Chris Cornell died on May 18th, 2017. Chester Bennington died on July 20th, 2017, which also happened to be Cornell’s birthday. Birthdays, holidays and other special occasions can often be triggers for people who are on the edge of life, and this proved to be no different.
Sadly, I can’t think of another case that better exemplifies the saying “misery loves company.”
The problem with celebrity deaths is not necessarily the at-times gruesome details placed into headlines to get clicks (read: TMZ), or the immediate suggestion of addiction being the sole culprit of such a sad event; but instead, we as a society strip away one’s humanity, and completely ignore that depression is all too real for lots of people.
Sure, celebrities have staggering riches in the form of property, vehicles, etc., but some of them remind us how human they really are through their art.
They also have problems. They also have vices. And, they also have mental health issues.
What does someone dealing with mental health look like?
People working on their mental health issues don’t have crutches or wheelchairs that designate them as having said illness(es). Every single person that combats their illness(es) looks like you, sounds like me, and often do everyday things that what we all do.
Chester had made it clear in his music and during his life the demons he faced often. Chris had also done this, just not to the same public extent as his good friend did. People dealing with depression and suicidal thoughts are not going to reach out. Not directly.
When you add in the spotlight of being a celebrity, it’s no wonder someone with such fame feels that their struggle is magnified, and they don’t want to deal with such a personal battle in such a public way. It’s hard to blame someone for not coping well with this mix of issues.
How can I help someone?
The point of all of this is to remind everyone that reaching out to each other is fundamental to one’s mental well-being. If you see that someone hasn’t reached out in awhile or seemingly can’t reach out, check on them; regardless if it appears things are fine, they very well might not be.
Someone who appears the strongest or the funniest might need the most help. If people like Chris Cornell and Chester Bennington couldn’t handle depression and their demons with all of the resources they possessed around them, then clearly fame and money do not equate to a healthy mental state.
What might help with that is a system of supportive people around you.

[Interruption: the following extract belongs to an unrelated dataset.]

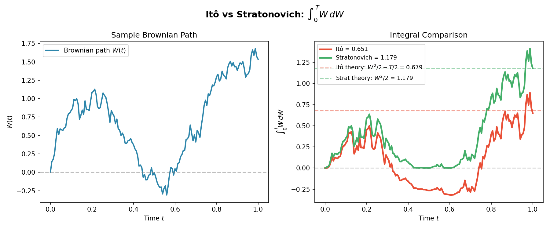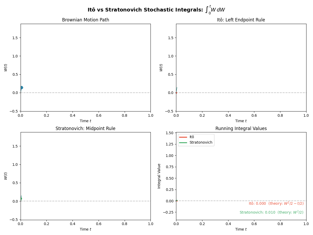 TL;DR: We will stick to Ito for simplicity in sampling algorithms, but we have to be careful with our calculus rules. Below is a gif showing some an example difference between the two for the same path.

Such connections can likely save some lives, especially for people who are judged by others due to their race, gender, class, religion, and a myriad of other identifiers that some people in positions of power think gives them the right to mistreat others.
There is no reason to add to someone’s struggles. The best way to avoid doing this is to treat each other better than we’ve been treated in times of difficulties, abuse, etc. That might be one of the many steps that need to be taken when it comes to healing those who are dealing with what Chester and Chris were experiencing.